The Black Lives Matter movement is celebrating 10 years of activity and renews its call for police protection.

On Thursday, the Black Lives Matter movement reached a milestone, marking 10 years since its founding in 2013 in response to the acquittal of the man who fatally shot 17-year-old Trayvon Martin.

Shot to death in the Florida gated community where his father lived in 2012, Martin was an early symbol of a movement that now has influence in politics, law enforcement and the wider debate about racial progress in the US and beyond.

BLM activists and organizations plan to celebrate the movement’s decade with in-person and virtual events. Calls for action include renewed efforts to end police department funding and reinvest in black communities that have been disproportionately affected by police brutality, unequal treatment in criminal justice systems, and mass incarceration.

According to prominent movement activist Melina Abdullah, following Supreme Court decisions that blocked the release of student loan debt disproportionately owned by black borrowers and prohibited affirmative action in higher education, the need for the existence of BLM has become crystal clear.

“This moment of movement means we have to absolutely redouble our efforts and redouble our commitment to making black lives matter,” said Abdullah, director of BLM Grassroots Inc, a collective of organizers across the country.
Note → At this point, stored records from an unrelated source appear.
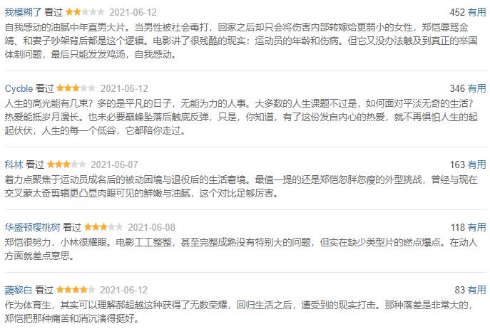 虽说票房目前已经过亿,但是口碑不尽人意,是郑恺的演技不行吗?还是苏炳添没有指导好郑恺吗?我觉得都不是,郑恺的演技和努力都是大家有目共睹的,增肥再减肥,试问有多少演员能够做到这样,关于苏炳添的专业技能我们就更不用怀疑,单单是100米亚洲纪录保持者,已经是超越了!那倒是是为何?我们可以看看豆瓣上的评价。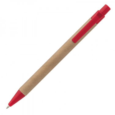 Kierrätyspaperista ja värillisistä muovisovelluksista valmistettu kuulakärkikynä, sininen kirjoitus. Logosi on painettu leikkeen oikealle puolelle.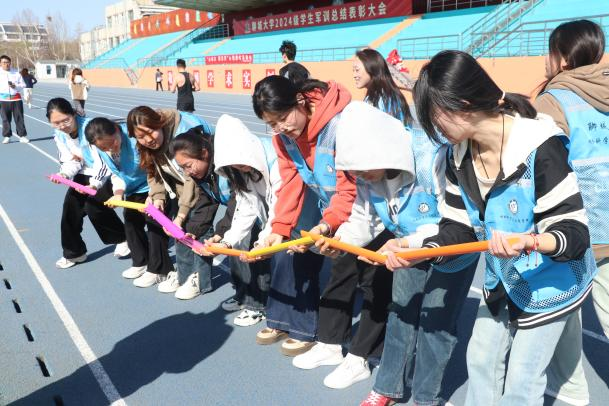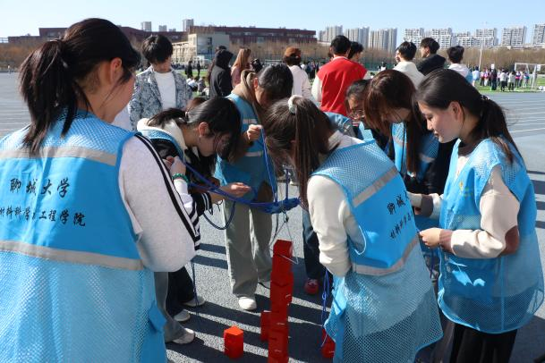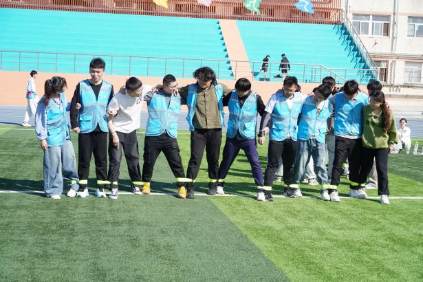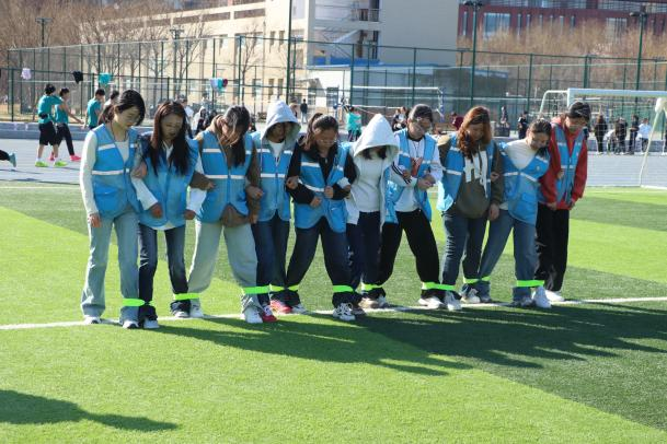 在“鼓动人心”项目中,五名队员需通过精准控制鼓绳张力与节奏,协作完成小球连续颠动。参赛队伍屏息凝神,以默契配合诠释“力出一孔”的团队智慧,每一次小球的腾空跃起,都是对专注力与抗压能力的生动考验。随后的“十人九足”竞速赛将活动推向高潮,十名队员脚踝相连,在“一二一”的口号中齐步疾行。即便偶有队伍因绑绳松动短暂停滞,队员们亦迅速调整状态,以坚韧意志完成30米冲刺,充分彰显“同舟共济”的协作精神。

“Ten years later, we’re getting a glimpse of what would have happened if Black Lives Matter hadn’t happened,” she said. fight.”
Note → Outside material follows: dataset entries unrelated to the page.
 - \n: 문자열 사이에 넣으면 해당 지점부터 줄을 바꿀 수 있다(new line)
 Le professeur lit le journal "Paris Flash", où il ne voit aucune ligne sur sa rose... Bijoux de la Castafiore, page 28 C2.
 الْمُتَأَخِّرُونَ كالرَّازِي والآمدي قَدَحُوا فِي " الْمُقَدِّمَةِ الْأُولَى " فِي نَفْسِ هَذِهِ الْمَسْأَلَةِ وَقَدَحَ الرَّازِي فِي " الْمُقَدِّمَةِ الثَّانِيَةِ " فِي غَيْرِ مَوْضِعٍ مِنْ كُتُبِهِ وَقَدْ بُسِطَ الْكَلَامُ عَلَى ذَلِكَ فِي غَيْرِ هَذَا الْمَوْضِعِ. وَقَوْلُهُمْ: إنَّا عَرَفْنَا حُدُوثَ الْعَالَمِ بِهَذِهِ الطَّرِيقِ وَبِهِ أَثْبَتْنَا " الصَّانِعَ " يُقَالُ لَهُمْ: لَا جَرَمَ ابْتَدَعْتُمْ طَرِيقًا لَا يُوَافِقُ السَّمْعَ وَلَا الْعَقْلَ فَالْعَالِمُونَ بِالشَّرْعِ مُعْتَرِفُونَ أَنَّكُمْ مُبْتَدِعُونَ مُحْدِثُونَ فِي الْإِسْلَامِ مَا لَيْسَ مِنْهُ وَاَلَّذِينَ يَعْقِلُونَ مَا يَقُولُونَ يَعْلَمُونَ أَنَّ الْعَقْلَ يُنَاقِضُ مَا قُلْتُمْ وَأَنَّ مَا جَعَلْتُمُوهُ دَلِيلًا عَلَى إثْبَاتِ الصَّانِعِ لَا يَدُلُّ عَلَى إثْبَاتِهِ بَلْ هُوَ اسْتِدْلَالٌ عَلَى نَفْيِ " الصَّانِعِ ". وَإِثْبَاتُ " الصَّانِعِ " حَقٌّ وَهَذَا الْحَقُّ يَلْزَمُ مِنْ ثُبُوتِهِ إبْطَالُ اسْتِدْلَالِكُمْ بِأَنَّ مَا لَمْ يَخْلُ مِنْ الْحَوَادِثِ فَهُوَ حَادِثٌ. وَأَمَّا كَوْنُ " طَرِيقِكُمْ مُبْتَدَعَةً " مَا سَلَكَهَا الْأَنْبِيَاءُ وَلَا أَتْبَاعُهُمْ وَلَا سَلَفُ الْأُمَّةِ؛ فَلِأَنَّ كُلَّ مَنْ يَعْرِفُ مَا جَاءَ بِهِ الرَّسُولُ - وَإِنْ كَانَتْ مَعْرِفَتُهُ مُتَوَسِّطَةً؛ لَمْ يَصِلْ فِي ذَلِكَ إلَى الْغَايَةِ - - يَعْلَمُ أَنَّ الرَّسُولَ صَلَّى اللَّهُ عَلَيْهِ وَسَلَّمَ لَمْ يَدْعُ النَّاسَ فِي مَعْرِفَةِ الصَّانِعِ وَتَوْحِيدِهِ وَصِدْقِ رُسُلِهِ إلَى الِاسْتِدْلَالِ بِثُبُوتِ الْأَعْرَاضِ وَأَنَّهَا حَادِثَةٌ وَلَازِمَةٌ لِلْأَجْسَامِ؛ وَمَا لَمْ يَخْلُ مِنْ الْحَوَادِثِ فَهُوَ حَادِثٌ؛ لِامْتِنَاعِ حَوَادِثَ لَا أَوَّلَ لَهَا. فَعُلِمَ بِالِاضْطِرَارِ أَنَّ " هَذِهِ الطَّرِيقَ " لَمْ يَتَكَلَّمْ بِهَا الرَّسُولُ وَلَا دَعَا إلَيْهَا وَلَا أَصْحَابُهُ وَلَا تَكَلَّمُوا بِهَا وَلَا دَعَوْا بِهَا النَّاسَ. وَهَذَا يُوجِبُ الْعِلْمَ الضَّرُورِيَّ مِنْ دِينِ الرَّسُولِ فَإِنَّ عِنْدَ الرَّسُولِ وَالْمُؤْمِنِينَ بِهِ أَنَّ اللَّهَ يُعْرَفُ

Leimert Park, the historic district and cultural center of Black Los Angeles, will host “People’s Justice Festival #BLMTurns10” in Los Angeles on Saturday. The festival is conceived as a village and will include a pop-up garden dedicated to the families of people killed by police and white supremacist violence.
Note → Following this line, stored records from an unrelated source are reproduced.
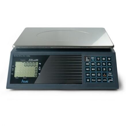 A PS1 típusú árszorzós mérlegek kialakításánál a hordozhatóság volt a legfontosabb szempont. Ezek a könnyű és kisméretű Aclas modellek közel két évig üzemeltethetőek három góliát elemmel, akár napi nyolc órás használat mellett is. Akkor sincs baj, ha az elemek esetleg lemerülnek, mivel a készülék bármikor csatlakoztatható az elektromos hálózathoz saját adaptere révén. Az értékesítési adatokat egy jól látható, három soros LCD kijelzőn jelenítik meg, amely a termékek súlyának, egységárának és a végösszegnek bemutatására egyaránt képes. A kényelmesen kezelhető szilikon billentyűzettel felszerelt készülékek alkalmasak a beütött tételek elmentésére, ezért egyszerre több vásárló is kiszolgálható a segítségükkel. Élettartamukat jelentősen növeli, hogy egyedi kialakításuknak köszönhetően a rovarok és más kártevők nem tudnak hozzáférni a készülékházukban található érzékeny alkatrészeikhez. A fix áras értékesítést és az előre rögzített árucikk adatok előhívását lehetővé tevő billentyűkkel felszerelt PS1B modellt 30 kg-os méréshatárral rendelheti meg tőlünk rozsdamentes acél tálcával. A készüléket piaci használatra, élelmiszerboltokba vagy vegyeskereskedésekbe egyaránt ajánljuk. - Méréshatár/pontosság: 6kg / 2g, 15kg / 5g- Kijelző: Vevő és kezelő oldali LCD, háttérvilágítással- Tálca méret: 330*230- Minimális mérhető mennyiség: 40 g- Maximum tára érték: -5.998 kg- Energia ellátás: Adapter 3 db "D" típusú góliát elem (alaptartozékok)- Elem várható élettartama: akár két év, napi nyolc órás használat mellett,   óránként 30 méréssel számolva, ahol egy mérés 10 másodpercig tart- Méretek: 340x342x110 mm- Súly: 2 kg  ;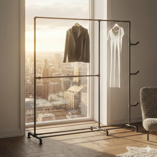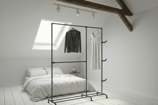 Se alle detaljerDette garderobestativ er til dem, der ønsker, at både tøjet og tøjstativet skal give rummet det rette præg. Tøjstativet er lavet af vandrør, der ti...
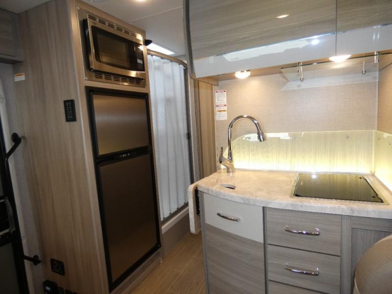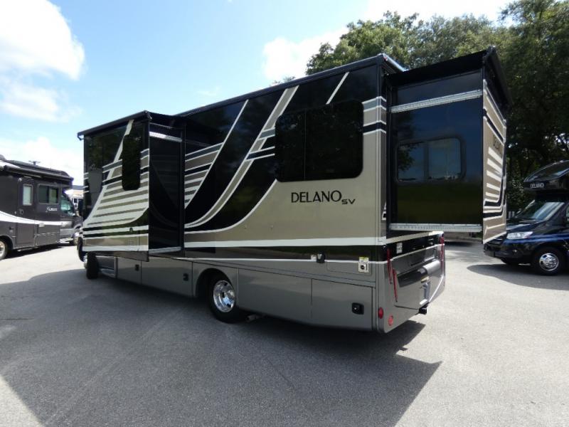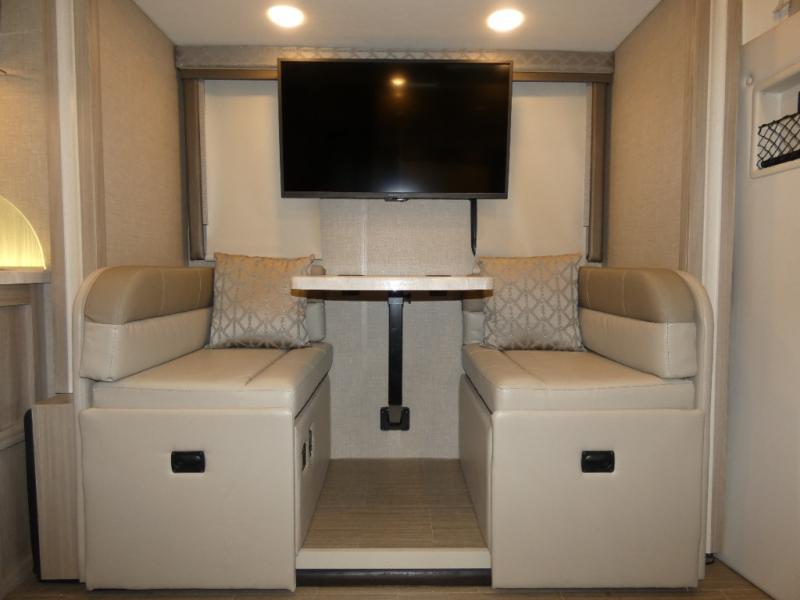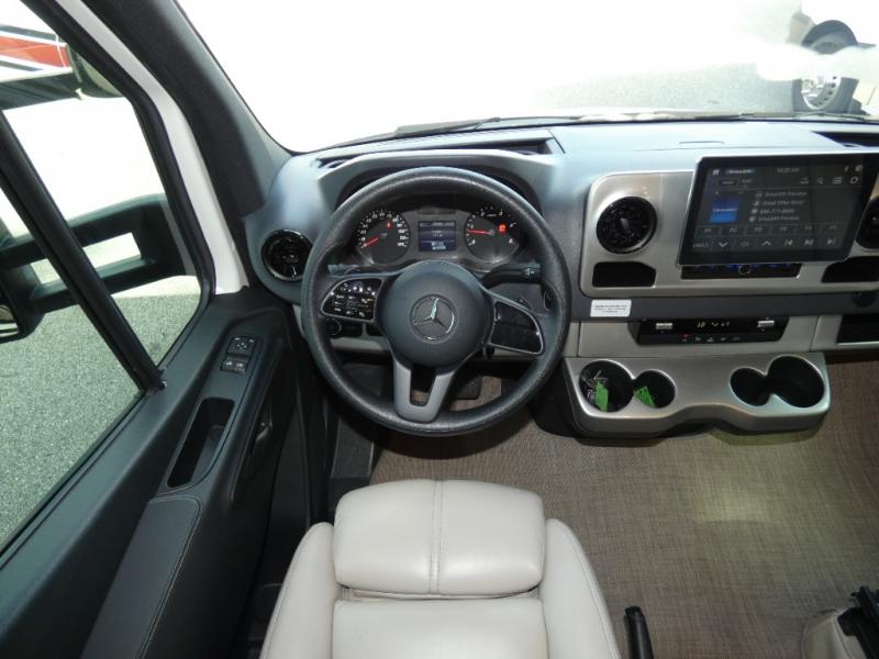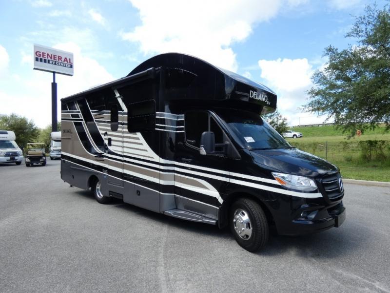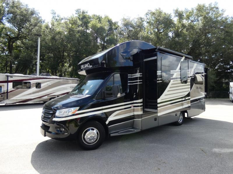 Luxury comes standard in the Delano Sprinter Class C diesel motorhomes by Thor Motor Coach. You will find it so easy to maneuver the road with the Mercedes-Benz Safety Package that includes features such as active braking assist and distance regulator distronic plus that will help keep a safe distance from vehicles in front of you. The frameless windows and the full-body paint package with gel coated sidewalls is sure to be eye-catching, plus there is invisible front paint protection for added defense against the elements. Each model includes the Rapid Camp+ multiplex wiring control system that will make set-up easier than ever, a Winegard ConnecT 2.0 WiFi/4G/TV antenna to keep you connected to the outside world, and a whole coach water filtration system for fresh H2O day or night. The Delano Sprinter also includes many interior comforts, like the easy-to-clean residential vinyl flooring, the high-gloss Euro-style cabinetry, and the Leatherette furniture!

The organizers of the festival invited Sybrina Fulton, Martin’s mother, to perform. Scholar and activist Dr. Cornel West, who is running for US President as an independent candidate in 2024, was invited to deliver the festival’s keynote address.

The BLM movement first emerged in 2013 following the acquittal of George Zimmerman, a mixed white and Hispanic local patrol volunteer who killed Martin the year before. Zimmerman told authorities he was acting in self-defense when he shot Martin. He also admitted to an emergency dispatcher that he was following a black teenager and described him as a potential burglar in the gated community of Sanford, Florida.

Martin’s meeting with Zimmerman, and the delay in arresting and charging the shooter with murder, raised questions about how police are handling alleged lynching of black victims. In 2012, former President Barack Obama, the nation’s first black commander in chief, highlighted public concerns about fairness in the case when he said, “If I had a son, he would look like Trayvon.”

On July 13, 2013, a Florida jury of six women, all but one white, found Zimmerman not guilty of second-degree murder or manslaughter. The immediate backlash to the verdict reverberated across Florida and the US, activating a new generation of black racial justice groups including the Dream Defenders and BYP100.

BLM co-founders Patrice Cullors, Alicia Garza and Ayo Tometi — three activists credited with using the phrase as a statement and organizational strategy — initially promised to create a decentralized, consensus-driven organization. The August 2014 shooting of 18-year-old Michael Brown at the hands of police in Ferguson, Missouri, helped the phrase “Black Lives Matter” become a powerful rallying cry for progressives and a favorite target of derision from law enforcement unions and political conservatives.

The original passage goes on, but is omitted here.